**What the task asks**
This task asks for the lines from the one with "За подреждане на" to the final line below, repeated exactly, with pictures omitted.

**Data below**
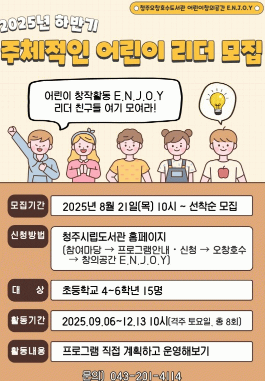 ÃʵîÇб³ 4~6Çг⠾ÀÌ 15¸íÀ» ´ë»óÀ¸·Î ÁøÇàÇÏ´Â À̹ø ÇÁ·Î±×·¥Àº, ¾î¸°À̵éÀÌ ½º½º·Î ¾ÆÀ̵ð¾î¸¦ ³»°í ±âȹºÎÅÍ ¿î¿µ±îÁö Á÷Á¢ Âü¿©ÇÒ ¼ö ÀÖ´Â ±âȸ¸¦ Á¦°øÇÑ´Ù.
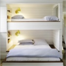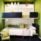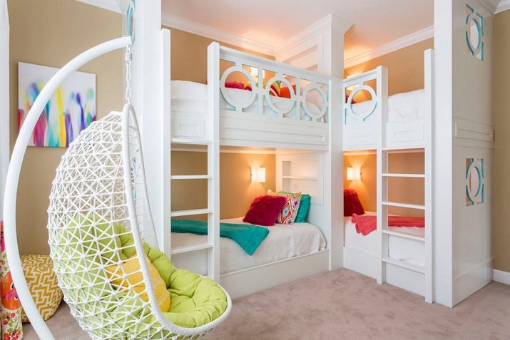 За подреждане на две места за спане в стая от 9 м2 се използват двустепенни конструкции. Понякога в детска спалня 3х3 м е необходимо да се оборудва място за спане за три деца. Има няколко идеи за такова поставяне в спалнята:
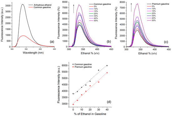On the other hand, fuel adulteration, particularly of commercial gasoline, is one of the major illegal practices nowadays involving the addition of organic solvents or alcohol in different amounts than those recommended by the legislation [22]. Again, in this specific issue, it is desirable to develop sensors for fuel-quality monitoring. As already observed in this investigation, the good solubility of the fluorophores in hexane, as well as their tailored intensity in this solvent and ethanol, allowed us to explore their ability to sense gasoline. This application is particularly interesting in our country since Brazilian gasoline presents 27% of anhydrous ethanol for standard and 25% for premium types of gasoline [76]. In this way, fluorophore 3f was chosen as a model, and its photophysical behavior was first investigated in real samples of commercial gasoline and anhydrous ethanol, as shown in Figure 6a. It can be observed that 3f presented a similar behavior if compared to hexane/ethanol, with increased emission in anhydrous ethanol (4-fold) if compared to commercial common gasoline (Figure 6a).

**Response to this task**
 За подреждане на две места за спане в стая от 9 м2 се използват двустепенни конструкции. Понякога в детска спалня 3х3 м е необходимо да се оборудва място за спане за три деца. Има няколко идеи за такова поставяне в спалнята:
On the other hand, fuel adulteration, particularly of commercial gasoline, is one of the major illegal practices nowadays involving the addition of organic solvents or alcohol in different amounts than those recommended by the legislation [22]. Again, in this specific issue, it is desirable to develop sensors for fuel-quality monitoring. As already observed in this investigation, the good solubility of the fluorophores in hexane, as well as their tailored intensity in this solvent and ethanol, allowed us to explore their ability to sense gasoline. This application is particularly interesting in our country since Brazilian gasoline presents 27% of anhydrous ethanol for standard and 25% for premium types of gasoline [76]. In this way, fluorophore 3f was chosen as a model, and its photophysical behavior was first investigated in real samples of commercial gasoline and anhydrous ethanol, as shown in Figure 6a. It can be observed that 3f presented a similar behavior if compared to hexane/ethanol, with increased emission in anhydrous ethanol (4-fold) if compared to commercial common gasoline (Figure 6a).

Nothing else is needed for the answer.